Now, he sees this as an opportunity “to have that dialogue with a lot of our regulars, with a lot of my close friends that still are learning what Cambodian food is.”

Part of Long’s journey in pivoting the restaurant has included figuring out how he wants to tell the story of Khmer food, especially since few Seattleites know much about it. It shares similarity with cuisines that are more common in Seattle, such as Vietnamese or Thai (Long says his family actually has some Vietnamese lineage), but Long describes the flavors as more robust, owing to the use of bright citrus and ginger. There’s a reliance on spices, due to the Indian influence on Khmer culture — he points to his name as evidence, which comes from the Sanskrit for compassion — including cardamom, cloves, nutmeg, and turmeric. Finally, he says the cuisine is more “rustic and hearty,” owing to “the Khmer people’s obsession with dried fish, dried shrimp, and fermented shrimp and fish pastes, like prahok.”
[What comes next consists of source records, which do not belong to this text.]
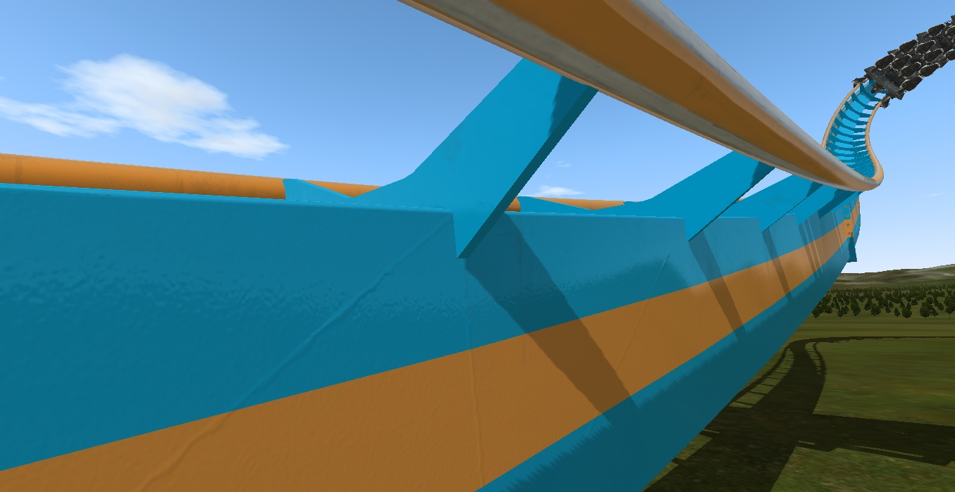 Okay so I know today is not a normal update day but I felt like I should share more pictures of Altitude:440 with all of you. Some people brought up that there could possibly a weight issue with the trains. After talking to the team and discussed weight, speed, and height issues and looking at several real examples such as Fury 325, we have decided it will be okay and will run smoothly with enough safety precautions. With that being said when we begin to support this beast, we will include a service elevator in case the coaster becomes stuck (Yes we know this is just a virtual park but we want to make it as realistic as possible) Along with the weight of the train issue, all of the G-Forces are perfectly fine with the coaster type and pacing for the coaster is perfect. With that being said please enjoy these pictures of our tallest coaster in the park, Altitude:440.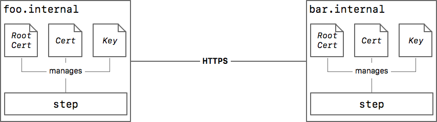 Let's consider a simple concrete example: using step certificates to issue certificates to two microservices so they can communicate securely using HTTPS.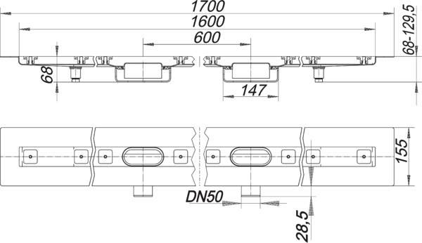Bauhöhe 68 mm, für die Montage in der Fläche, mit zwei Ablaufgehäusen, Ablaufstutzen DN 50 horizontal, schallentkoppelnde Montagefüße zur Höheneinstellung, besandeter Flansch zum sicheren Anschluss an Verbundabdichtungen gem DIN 18534, herausnehmbarer Geruchs- und Reinigungsverschluss, Sperrwasserhöhe 24 mm (abweichend von DIN EN 1253), höhenverstellbare Justierschrauben, Bauschutz, Fliesenanschlag, Rahmenklemmstück, Rinnenkörper Edelstahl 1.4301, Ablaufkörper Polypropylen, hochschlagfest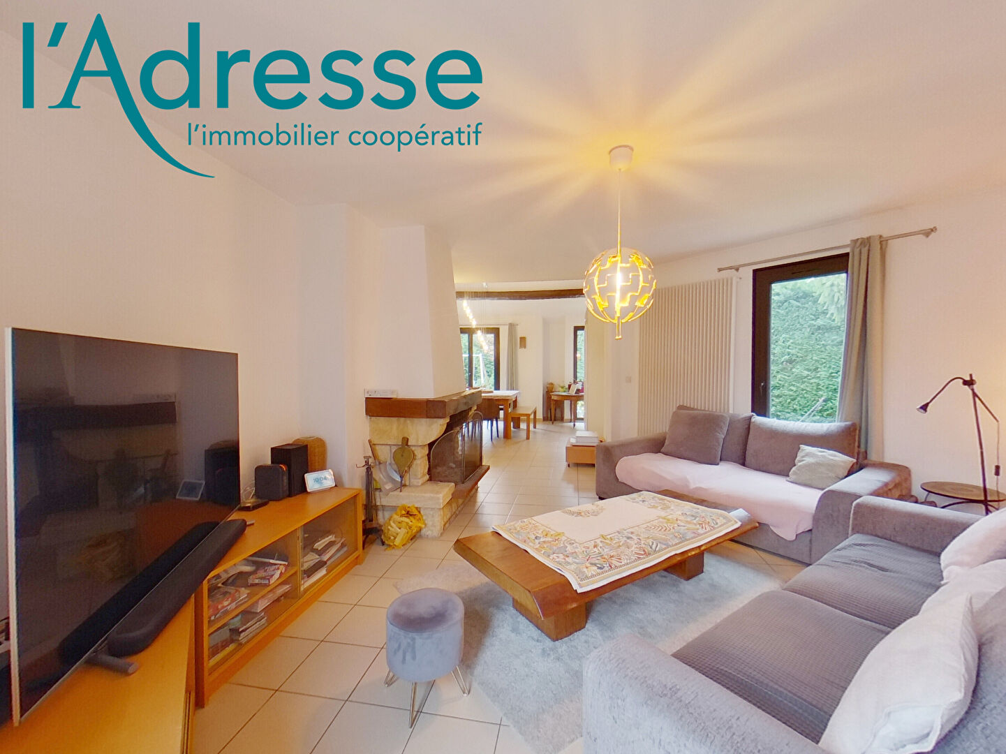 - Un séjour cathédrale lumineux avec cheminée, donnant sur une terrasse et un jardin arboré, idéal pour vos moments de détente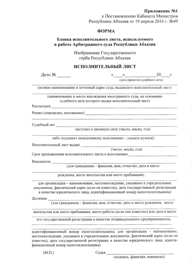 Постановление Кабинета Министров Республики Абхазия от 19.04.2016 № 49 "Об утверждении Формы бланка исполнительного листа, используемого в работе Арбитражного суда Республики Абхазия, порядка изготовления, учета, хранения и уничтожения бланков"

Long plans to add what he calls “more personal dishes,” to the menu in the future, though he admits that he and his brothers worried that people would be afraid of more pungent flavors, like prahok, which adds much of the umami into Khmer dishes. “I’m slowly creating a dialogue that I never realized I wanted,” says Long.

The positive responses he has gotten so far to the Cambodian menu have inspired him to push forward, thinking about how he can keep Khmer food on the menu when he reopens the dining room, and if he could expand to a nearby space and set his mom up with her own kitchen. He is seizing the moment, hoping to start a blog and Instagram about Khmer food (one can find him at Cooking With Karuna), using his communication skills honed in bartending to teach folks Khmer cooking as he talks about his family history.

A fitting combination, since the heart of Long’s new version of the business is that intersection of food and family. His brothers, he says, have always wanted their mom to open her own shop, so it’s been important to them that she has seen how well they are doing using the skills and recipes they learned from her.

“That’s the biggest gratification,” says Long. “Knowing that the more this becomes successful, the more my mom is secretly proud that there’s representation of her food, that it’s impactful on our lives and on other people.”